Packages and packages

My first instinct when I had created an applet, with a beginning, a middle and an end, was to deploy it - to make it run outside the NetBeans IDE. I needed to revisit packaging not least because the first lesson in the Deployment Trail is entitled Packaging Programs in JAR Files (my italics). What induced Sun to use such confusing nomenclature? It was only after spending hours pouring over every word in the Packaging trail, that I realised that the two concepts are wholly unrelated.

The term package in the context of classes and interfaces refers to an implicitly defined collection of source code files. Belonging to a "package" is an attribute of a source code file, given in the first line of code.

The term package when used in the Java tutorial in the context of deployment has the more common (in my opinion) meaning of bundle of files, or archive, like a zip or rar file. And the file extension of the package even sounds like rar. It is in fact jar, which is presumably an abbreviation of "java archive".

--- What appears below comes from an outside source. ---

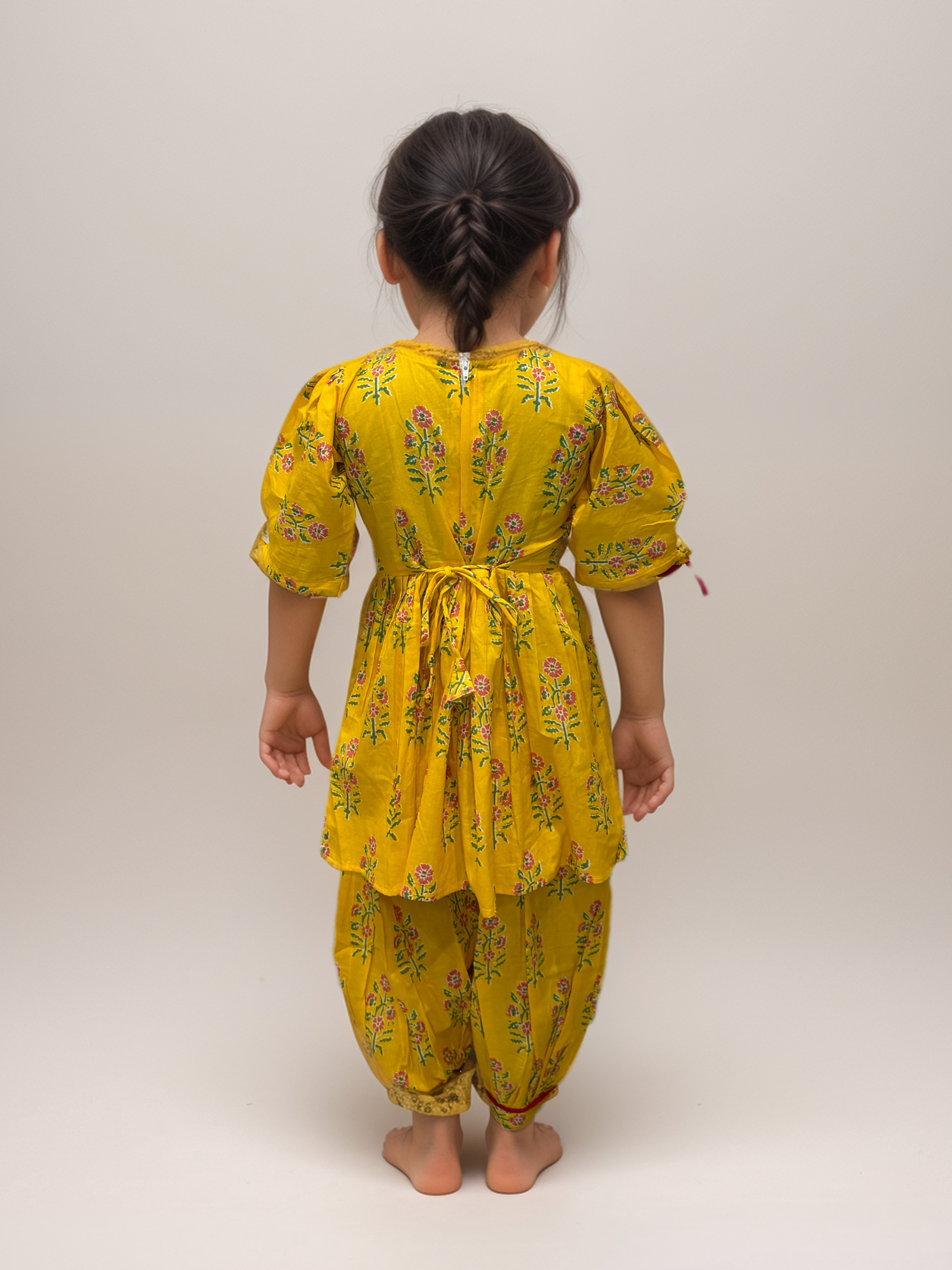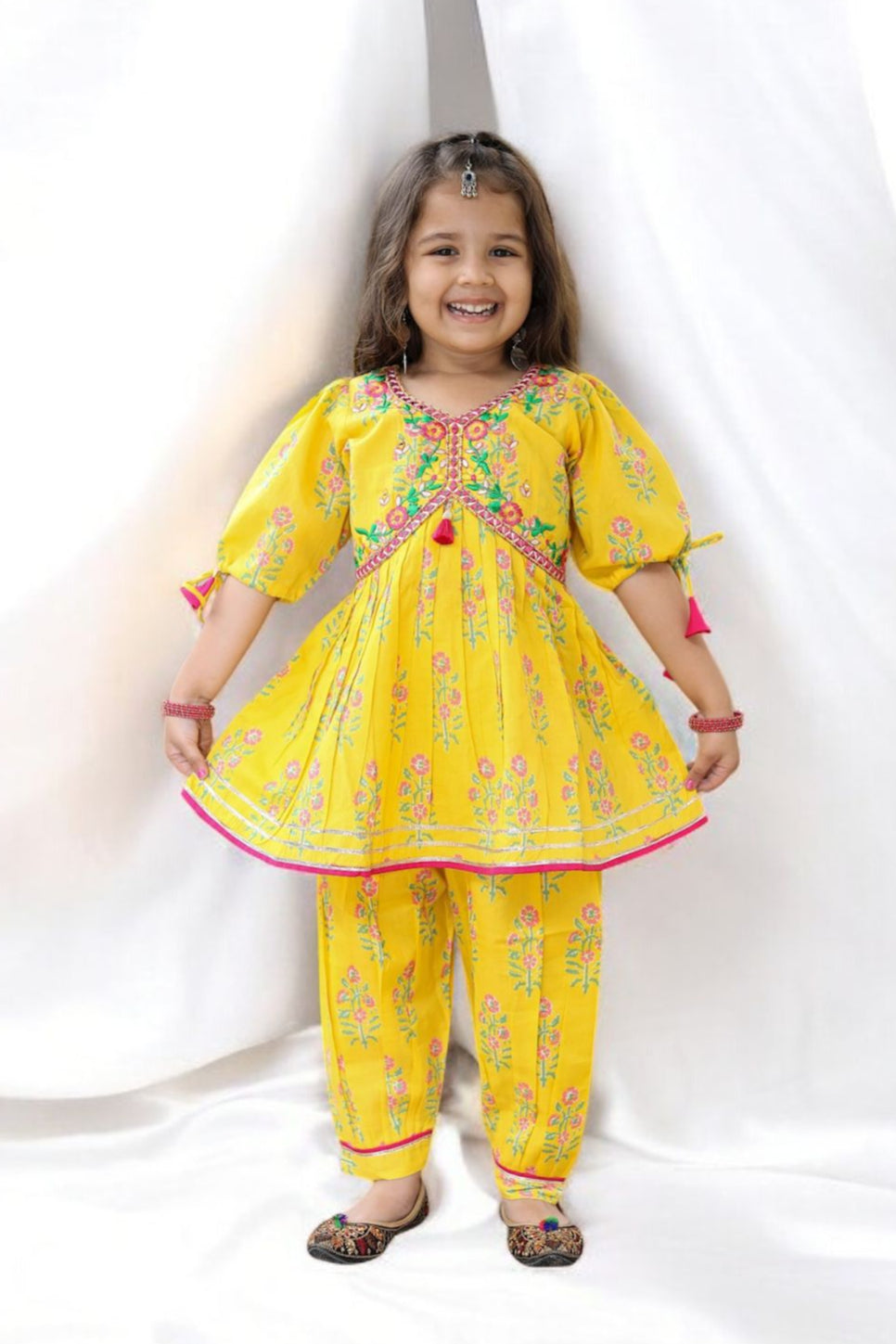 This stunning yellow harem pant suit is the perfect blend of traditional charm and modern comfort. The outfit features a bright yellow fabric adorned with intricate mirror work, adding a touch of sparkle and elegance. Ideal for festive occasions or casual wear, this ensemble radiates joy and vibrancy, making it a must-have in any wardrobe.

Having sorted that out, I am now ready to start the first lesson in the packaging (second meaning above) trail: Using JAR Files: The Basics. After describing a .jar file in the previous paragraph as like a zip file, I am pleased to read in the first line of this lesson: "JAR files are packaged with the ZIP file format". Why can't they call the sodding things zip files and shorten the Java learning curve a bit?

The lesson continues with instructions on how to create and view jar files and various other routine tasks, and more interestingly how to run an application packaged as a JAR file. Given that most readers will have worked with PKZip and other archiving tools, I shall refrain from plodding through these lessons line by line, but I shall refer to them as I need them.